1.enable secret LINE
2.enable secret 0
3.enable secret 5
4.enable password 7
5.enable password LINE


when I use enable secret 0 cisco (on PT)

sh ru = enable secret 5 $1$mERr$hx5rVt7rPNoS4wqbXKX7m0

and

when I use enable secret 5 cisco (on PT)

sh ru = enable secret 5 cisco

shouldn't it be the other way round ?

Comments

  • OctalDumpOctalDump Member Posts: 1,722
    Have you tried them? Or tried enable secret ? or enable password ??

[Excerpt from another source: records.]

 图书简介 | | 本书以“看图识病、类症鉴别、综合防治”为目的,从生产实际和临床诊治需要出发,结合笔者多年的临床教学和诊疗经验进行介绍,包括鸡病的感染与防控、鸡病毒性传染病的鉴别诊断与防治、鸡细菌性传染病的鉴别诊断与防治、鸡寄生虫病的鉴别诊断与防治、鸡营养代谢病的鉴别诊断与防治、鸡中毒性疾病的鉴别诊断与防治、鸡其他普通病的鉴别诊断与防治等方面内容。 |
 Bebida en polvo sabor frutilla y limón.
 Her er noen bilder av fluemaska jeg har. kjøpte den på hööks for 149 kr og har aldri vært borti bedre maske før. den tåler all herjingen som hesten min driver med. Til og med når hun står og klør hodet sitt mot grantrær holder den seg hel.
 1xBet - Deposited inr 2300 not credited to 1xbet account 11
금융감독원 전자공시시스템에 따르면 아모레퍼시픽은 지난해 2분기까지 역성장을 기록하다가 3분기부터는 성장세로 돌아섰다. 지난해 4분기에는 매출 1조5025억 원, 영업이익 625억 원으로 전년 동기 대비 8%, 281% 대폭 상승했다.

    Otherwise, this might help:
    Cisco IOS Security Command Reference: Commands D to L - E [Support] - Cisco
    Cisco IOS Security Command Reference: Commands D to L - E [Support] - Cisco

    I'll give you a hint: although enable secret and enable password can take multiple parameters, you only have 1 parameter in those examples. So you are looking for the effect where only one parameter is given.
    2017 Goals - Something Cisco, Something Linux, Agile PM
  • EdTheLadEdTheLad Member Posts: 2,111 ■■■■□□□□□□
    "enable secret 0 cisco" means the password that follows 0 is unencrypted i.e. the password is "cisco"
    If you do a show runn, you will see the encrypted version of the password i.e. $jhjhukyky

    "enable secret 5 cisco" means the password that fallows 5 is encrypted i.e. to find the password the system will unencrypt "cisco" to "hggkhkjhkhkjhkh"
    To login as enable, you will need to enter password "hggkhkjhkhkjhkh"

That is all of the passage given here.